§ Exercise prompt
When you transcribe the data below, reproduce every line exactly and leave each picture out.

Data below START

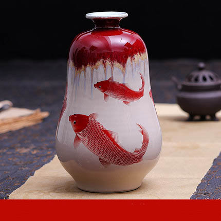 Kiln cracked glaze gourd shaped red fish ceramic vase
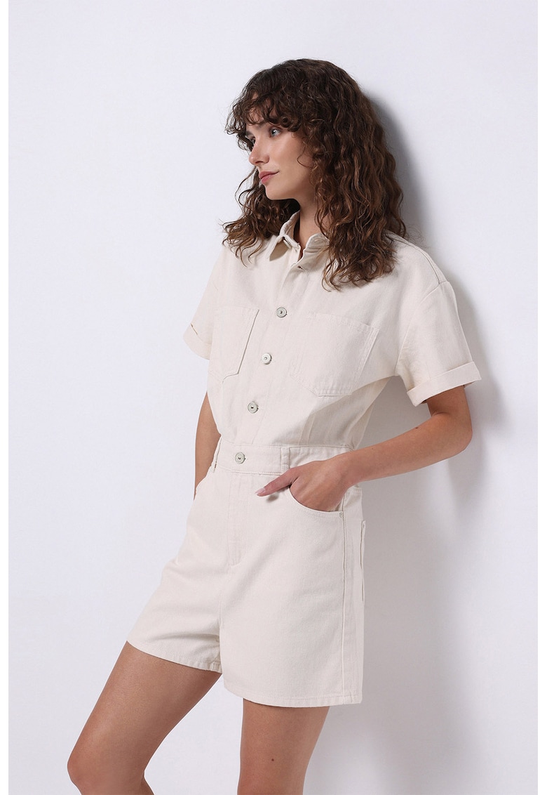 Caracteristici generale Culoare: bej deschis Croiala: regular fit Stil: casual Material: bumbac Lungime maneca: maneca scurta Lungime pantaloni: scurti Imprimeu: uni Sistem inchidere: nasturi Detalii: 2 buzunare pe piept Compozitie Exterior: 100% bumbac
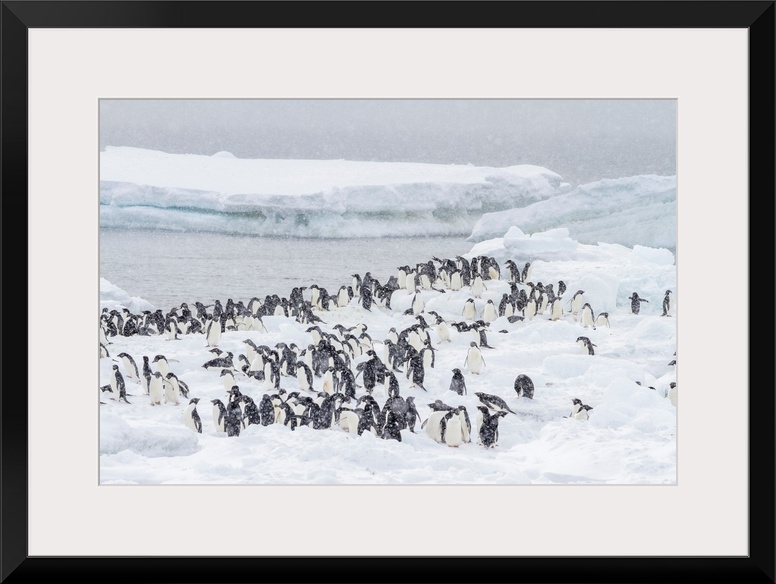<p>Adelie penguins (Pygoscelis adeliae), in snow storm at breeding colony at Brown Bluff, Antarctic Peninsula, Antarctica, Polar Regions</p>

Data below END

§ Output of the task
 Kiln cracked glaze gourd shaped red fish ceramic vase
 Caracteristici generale Culoare: bej deschis Croiala: regular fit Stil: casual Material: bumbac Lungime maneca: maneca scurta Lungime pantaloni: scurti Imprimeu: uni Sistem inchidere: nasturi Detalii: 2 buzunare pe piept Compozitie Exterior: 100% bumbac
<p>Adelie penguins (Pygoscelis adeliae), in snow storm at breeding colony at Brown Bluff, Antarctic Peninsula, Antarctica, Polar Regions</p>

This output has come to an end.